*What needs to be done*
Range to repeat from the listing below: the line containing "Desde a confirmação" down to the line containing "設計圖顯示了雙前盤式制動器,但虛線并不能", both included. Copy it exactly, pictures excluded, and add nothing else.

▬▬▬▬▬▬▬▬▬▬

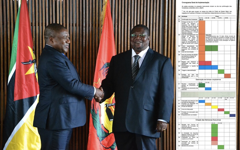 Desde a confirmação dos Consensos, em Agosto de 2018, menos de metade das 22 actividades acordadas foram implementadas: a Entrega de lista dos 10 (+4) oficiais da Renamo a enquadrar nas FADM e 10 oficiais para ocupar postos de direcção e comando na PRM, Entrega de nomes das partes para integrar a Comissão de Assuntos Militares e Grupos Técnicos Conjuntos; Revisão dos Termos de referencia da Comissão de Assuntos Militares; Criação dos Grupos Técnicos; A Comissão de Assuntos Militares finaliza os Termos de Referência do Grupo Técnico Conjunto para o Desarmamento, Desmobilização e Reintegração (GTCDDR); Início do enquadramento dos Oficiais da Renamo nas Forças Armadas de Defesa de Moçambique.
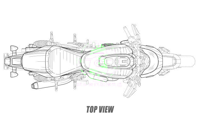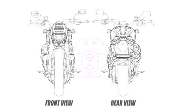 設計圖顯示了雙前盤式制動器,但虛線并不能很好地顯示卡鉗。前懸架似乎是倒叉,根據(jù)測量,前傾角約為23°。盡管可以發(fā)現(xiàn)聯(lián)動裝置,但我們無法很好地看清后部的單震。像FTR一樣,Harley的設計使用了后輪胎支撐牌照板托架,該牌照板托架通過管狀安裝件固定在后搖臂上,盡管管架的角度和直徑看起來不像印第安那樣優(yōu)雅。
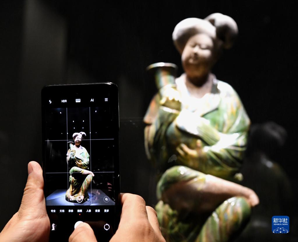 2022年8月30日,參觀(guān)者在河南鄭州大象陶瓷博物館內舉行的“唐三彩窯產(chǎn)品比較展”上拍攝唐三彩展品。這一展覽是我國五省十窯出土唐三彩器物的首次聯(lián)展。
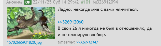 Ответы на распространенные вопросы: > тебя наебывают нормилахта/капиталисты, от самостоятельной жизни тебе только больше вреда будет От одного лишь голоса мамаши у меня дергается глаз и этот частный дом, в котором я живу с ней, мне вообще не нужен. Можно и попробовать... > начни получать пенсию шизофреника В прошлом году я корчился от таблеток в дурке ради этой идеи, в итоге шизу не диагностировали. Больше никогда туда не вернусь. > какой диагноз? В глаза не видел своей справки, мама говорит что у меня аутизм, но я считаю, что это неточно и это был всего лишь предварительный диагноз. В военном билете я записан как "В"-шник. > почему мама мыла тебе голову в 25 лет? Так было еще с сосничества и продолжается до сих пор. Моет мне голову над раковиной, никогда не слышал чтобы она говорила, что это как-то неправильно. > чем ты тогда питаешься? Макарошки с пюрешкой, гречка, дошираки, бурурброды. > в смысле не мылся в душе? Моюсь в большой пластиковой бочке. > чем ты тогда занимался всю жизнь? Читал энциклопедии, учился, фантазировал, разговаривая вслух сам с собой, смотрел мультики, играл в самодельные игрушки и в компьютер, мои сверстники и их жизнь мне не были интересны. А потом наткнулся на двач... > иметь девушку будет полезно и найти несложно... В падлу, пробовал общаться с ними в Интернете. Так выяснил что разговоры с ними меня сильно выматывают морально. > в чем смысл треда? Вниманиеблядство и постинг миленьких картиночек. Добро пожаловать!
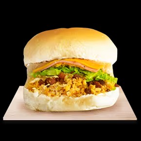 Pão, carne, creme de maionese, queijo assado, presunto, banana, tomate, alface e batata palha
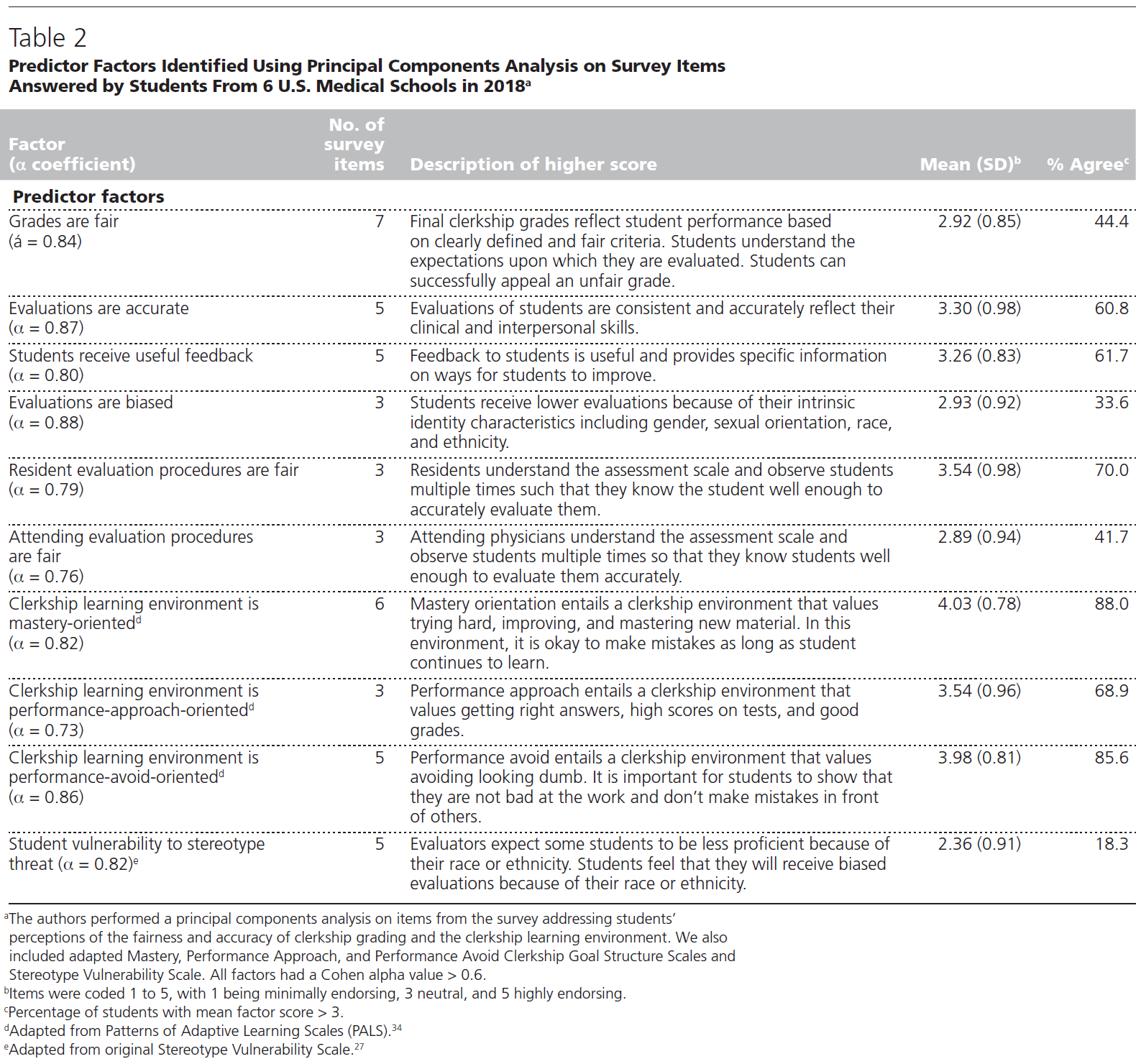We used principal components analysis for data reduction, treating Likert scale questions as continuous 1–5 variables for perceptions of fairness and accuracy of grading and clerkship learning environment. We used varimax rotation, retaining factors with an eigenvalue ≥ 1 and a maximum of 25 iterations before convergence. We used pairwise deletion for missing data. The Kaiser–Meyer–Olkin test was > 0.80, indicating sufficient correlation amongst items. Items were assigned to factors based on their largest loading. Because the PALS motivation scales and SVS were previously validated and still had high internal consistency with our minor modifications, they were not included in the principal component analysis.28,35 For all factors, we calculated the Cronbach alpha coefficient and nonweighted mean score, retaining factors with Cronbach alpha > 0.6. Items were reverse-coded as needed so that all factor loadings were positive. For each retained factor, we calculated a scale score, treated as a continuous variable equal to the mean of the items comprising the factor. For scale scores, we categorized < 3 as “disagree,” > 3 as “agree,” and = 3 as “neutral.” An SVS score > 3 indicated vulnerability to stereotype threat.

▬▬▬▬▬▬▬▬▬▬

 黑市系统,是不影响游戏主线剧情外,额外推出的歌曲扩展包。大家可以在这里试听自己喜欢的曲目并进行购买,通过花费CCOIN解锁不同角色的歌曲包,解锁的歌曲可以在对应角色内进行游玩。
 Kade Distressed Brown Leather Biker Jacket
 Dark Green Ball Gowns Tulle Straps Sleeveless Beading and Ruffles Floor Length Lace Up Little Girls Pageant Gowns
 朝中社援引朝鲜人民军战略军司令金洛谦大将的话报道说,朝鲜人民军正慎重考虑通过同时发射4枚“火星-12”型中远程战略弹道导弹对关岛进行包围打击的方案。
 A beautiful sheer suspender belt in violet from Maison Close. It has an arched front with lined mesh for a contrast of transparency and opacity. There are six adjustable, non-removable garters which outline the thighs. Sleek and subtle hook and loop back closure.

▬▬▬▬▬▬▬▬▬▬

*Response to this exercise*
 Desde a confirmação dos Consensos, em Agosto de 2018, menos de metade das 22 actividades acordadas foram implementadas: a Entrega de lista dos 10 (+4) oficiais da Renamo a enquadrar nas FADM e 10 oficiais para ocupar postos de direcção e comando na PRM, Entrega de nomes das partes para integrar a Comissão de Assuntos Militares e Grupos Técnicos Conjuntos; Revisão dos Termos de referencia da Comissão de Assuntos Militares; Criação dos Grupos Técnicos; A Comissão de Assuntos Militares finaliza os Termos de Referência do Grupo Técnico Conjunto para o Desarmamento, Desmobilização e Reintegração (GTCDDR); Início do enquadramento dos Oficiais da Renamo nas Forças Armadas de Defesa de Moçambique.
 設計圖顯示了雙前盤式制動器,但虛線并不能很好地顯示卡鉗。前懸架似乎是倒叉,根據(jù)測量,前傾角約為23°。盡管可以發(fā)現(xiàn)聯(lián)動裝置,但我們無法很好地看清后部的單震。像FTR一樣,Harley的設計使用了后輪胎支撐牌照板托架,該牌照板托架通過管狀安裝件固定在后搖臂上,盡管管架的角度和直徑看起來不像印第安那樣優(yōu)雅。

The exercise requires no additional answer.